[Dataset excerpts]
= Beginning of Section =

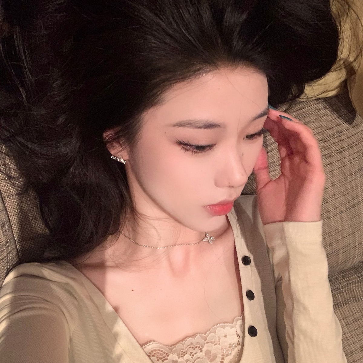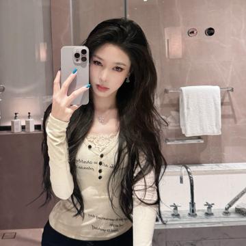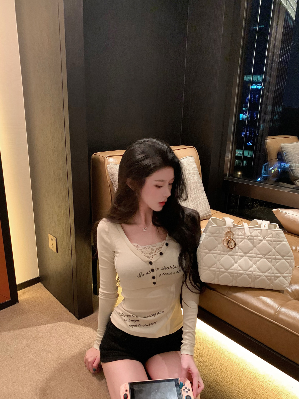 FA45254# 人棉千禧古早字母印花小上衣简约v领蕾丝休闲百搭长袖秋 服裝批發女裝批發服飾貨源
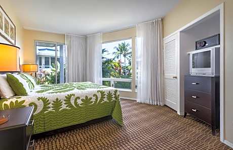 TA-063-691-1616-01 Escape to a serene Big Island oasis at Holua Resort at Mauna Loa Village. This tropical resort is nestled along the gorgeous Kona Coast with nearby beaches, a marina and right next door to an 18-hole championship golf course. Holua Resort is a quiet oasis tucked away from the town traffic and crowds, yet only two blocks from shopping, restaurants, and movie theaters. Plus, there's a wide array of golf courses and beaches, as well as hiking, biking, and horseback riding trails within close proximity. In under an hour, you can find yourself on the glistening white sandy beaches of Hapuna Beach State Park - voted #1 top beach in 2021 from CNN Travel. Stretch out in your spacious resort suite with a full kitchen and private lanai. These one- and two-bedroom resort suites comfortably sleep four to six guests. Suites feature one king bed in the master, one king or two twin beds in the guest room and a queen sleeper sofa in the living area. You will appreciate private bedrooms, the economy of a fully equipped kitchen, and the convenience of a washer/dryer in each suite. Plus, a full living/dining area and complimentary Wi-Fi will keep you connected. Whether you want to relax in the sun, enjoy time with the family or play golf under palm trees, this beautiful tropical resort provides the perfect setting for all your plans. Stroll through the tropical gardens with lava rocks, fountains, palms, and manicured grounds to find six swimming pools, six hot tubs, eight tennis courts, 20 pickleball courts, eight barbecue grilling areas and a newly renovated workout room. The resort offers a variety of onsite activities such as lei making, Hawaiian crafts and botanical tours. Be sure to join us for our complimentary weekly keiki (child) hula show where you will be taken on a musical voyage of Polynesian dance.
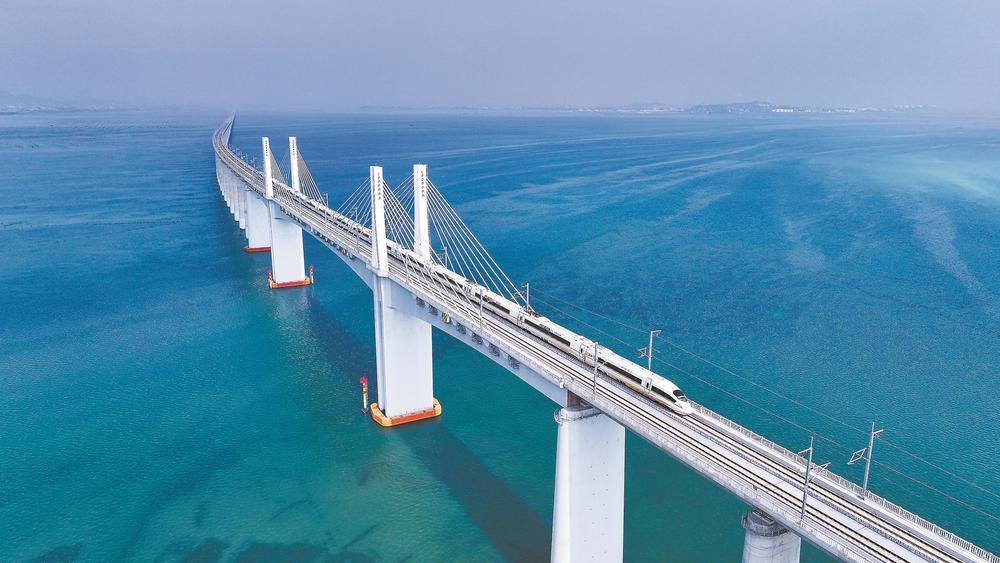 列车经过福厦高铁线上的湄洲湾跨海大桥。邹碧峰 摄
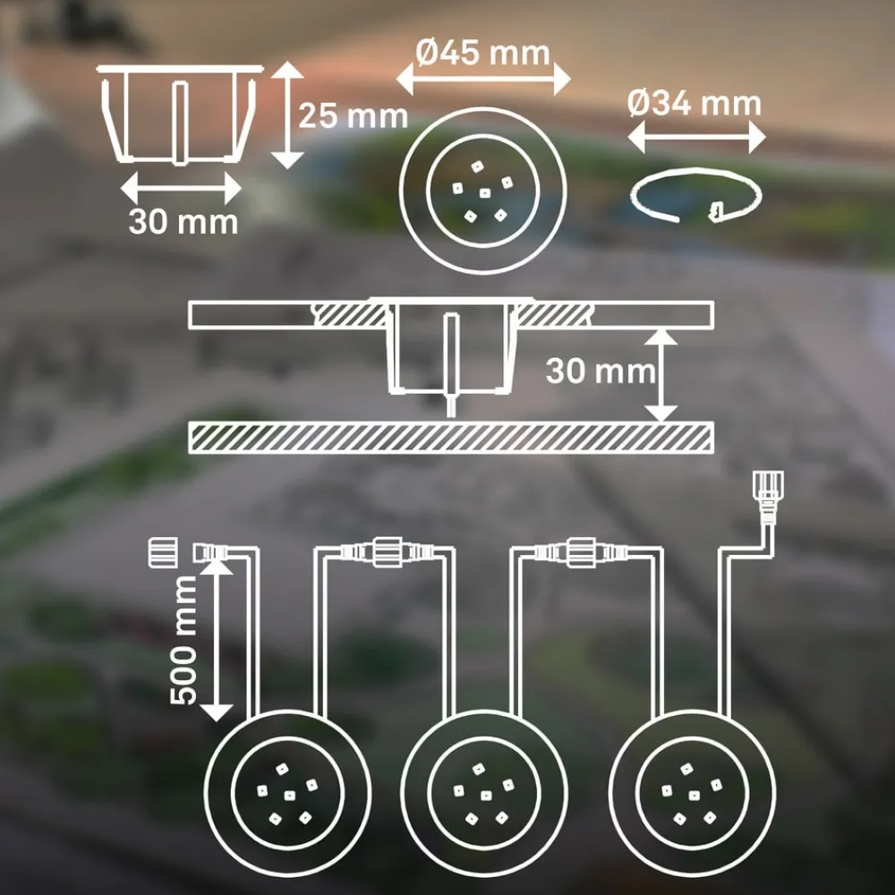 Dette sæt med tre varmhvide LED-indbygningsspots er til udvidelse af Briloners 12 V udendørslampe-system. De runde spots har rustfrit stålhus og plastdæksel og leveres med passende tilslutningskabler med stik til 12 V-systemet. En udendørs stiktransformator til 230 V-tilslutning til stikkontakten er ikke inkluderet – der kræves et startsæt (se tilbehør).
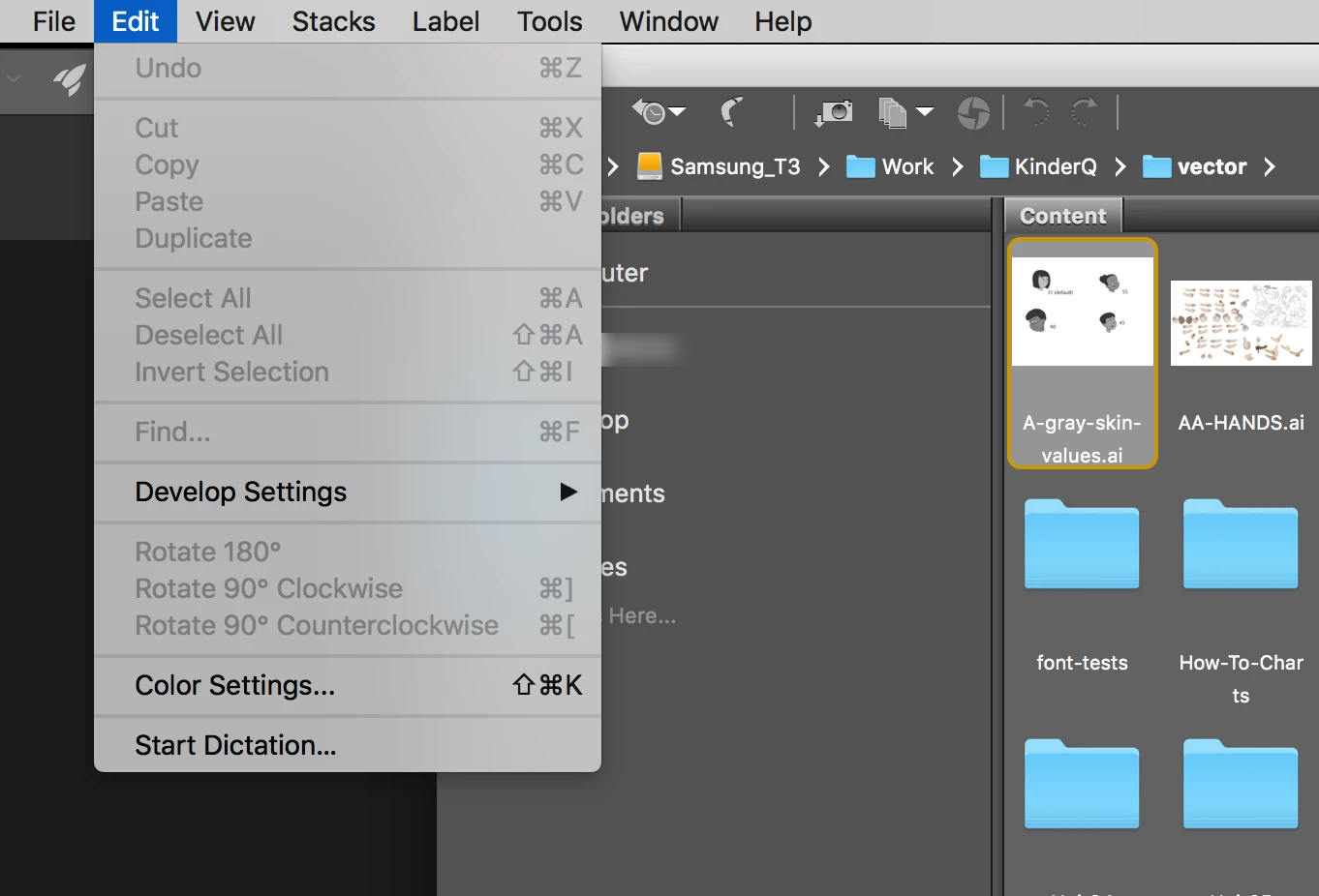 Plus, I can no longer use spacebar to view full screen previews. In fact, there are several functions that are not available in the menus and should be, such as Move to Trash, Select All, open any of the panels, Full Screen Preview, Build and Export Cache, and others. Screen shots of menus attached.
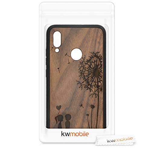 Kwmobile Custodia Compatibile con Huawei P Smart (2019) Cover - Back Case in Legno con Bumper in Silicone TPU - Amore marrone scuro
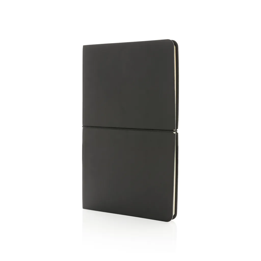 Ova moderna luksuzna A5 bilježnica iznimno je mekana i luksuzna te sadrži 96 listova i 192 stranice, što pruža dovoljno prostora za zapisivanje najboljih ideja. Izrađena je od krem papira od 80 gsm s linijama. Odličan esencijalni proizvod za zapisivanje obaveza/podsjetnika i profesionalno bilježenje na sastancima na poslu. Mekani izdržljivi PU omot s jednostavnim crnim elastičnim horizontalnim zatvaračem, što ga čini atraktivnim. Njegov savitljivi omot čini ga izvrsnim za upotrebu kao prijenosna bilježnica za putovanja, savršena za korištenje u pokretu.
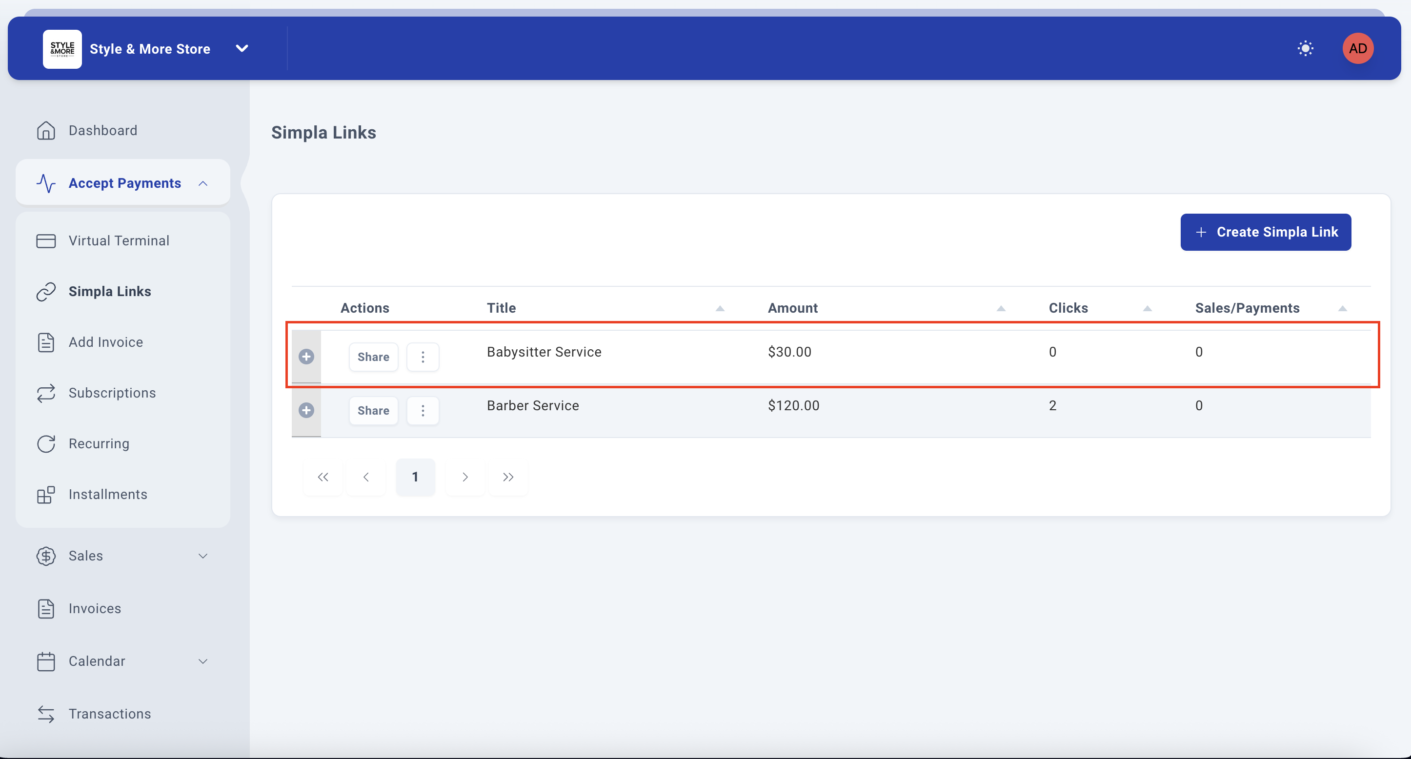 After clicking "Create Link", the system will generate your payment link and redirect you back to the Simpla Links management page where you'll see your newly created link listed in the table.
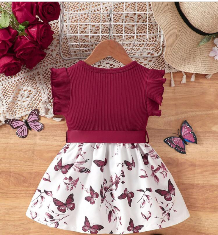 Shien baby girls casual everyday butterfly print dress with belt

= End of Section =

### REQUIRED WORK:
Would you return the data exactly as written, without the pictures?

### ANSWER TO THE EXERCISE:
 FA45254# 人棉千禧古早字母印花小上衣简约v领蕾丝休闲百搭长袖秋 服裝批發女裝批發服飾貨源
 TA-063-691-1616-01 Escape to a serene Big Island oasis at Holua Resort at Mauna Loa Village. This tropical resort is nestled along the gorgeous Kona Coast with nearby beaches, a marina and right next door to an 18-hole championship golf course. Holua Resort is a quiet oasis tucked away from the town traffic and crowds, yet only two blocks from shopping, restaurants, and movie theaters. Plus, there's a wide array of golf courses and beaches, as well as hiking, biking, and horseback riding trails within close proximity. In under an hour, you can find yourself on the glistening white sandy beaches of Hapuna Beach State Park - voted #1 top beach in 2021 from CNN Travel. Stretch out in your spacious resort suite with a full kitchen and private lanai. These one- and two-bedroom resort suites comfortably sleep four to six guests. Suites feature one king bed in the master, one king or two twin beds in the guest room and a queen sleeper sofa in the living area. You will appreciate private bedrooms, the economy of a fully equipped kitchen, and the convenience of a washer/dryer in each suite. Plus, a full living/dining area and complimentary Wi-Fi will keep you connected. Whether you want to relax in the sun, enjoy time with the family or play golf under palm trees, this beautiful tropical resort provides the perfect setting for all your plans. Stroll through the tropical gardens with lava rocks, fountains, palms, and manicured grounds to find six swimming pools, six hot tubs, eight tennis courts, 20 pickleball courts, eight barbecue grilling areas and a newly renovated workout room. The resort offers a variety of onsite activities such as lei making, Hawaiian crafts and botanical tours. Be sure to join us for our complimentary weekly keiki (child) hula show where you will be taken on a musical voyage of Polynesian dance.
 列车经过福厦高铁线上的湄洲湾跨海大桥。邹碧峰 摄
 Dette sæt med tre varmhvide LED-indbygningsspots er til udvidelse af Briloners 12 V udendørslampe-system. De runde spots har rustfrit stålhus og plastdæksel og leveres med passende tilslutningskabler med stik til 12 V-systemet. En udendørs stiktransformator til 230 V-tilslutning til stikkontakten er ikke inkluderet – der kræves et startsæt (se tilbehør).
 Plus, I can no longer use spacebar to view full screen previews. In fact, there are several functions that are not available in the menus and should be, such as Move to Trash, Select All, open any of the panels, Full Screen Preview, Build and Export Cache, and others. Screen shots of menus attached.
 Kwmobile Custodia Compatibile con Huawei P Smart (2019) Cover - Back Case in Legno con Bumper in Silicone TPU - Amore marrone scuro
 Ova moderna luksuzna A5 bilježnica iznimno je mekana i luksuzna te sadrži 96 listova i 192 stranice, što pruža dovoljno prostora za zapisivanje najboljih ideja. Izrađena je od krem papira od 80 gsm s linijama. Odličan esencijalni proizvod za zapisivanje obaveza/podsjetnika i profesionalno bilježenje na sastancima na poslu. Mekani izdržljivi PU omot s jednostavnim crnim elastičnim horizontalnim zatvaračem, što ga čini atraktivnim. Njegov savitljivi omot čini ga izvrsnim za upotrebu kao prijenosna bilježnica za putovanja, savršena za korištenje u pokretu.
 After clicking "Create Link", the system will generate your payment link and redirect you back to the Simpla Links management page where you'll see your newly created link listed in the table.
 Shien baby girls casual everyday butterfly print dress with belt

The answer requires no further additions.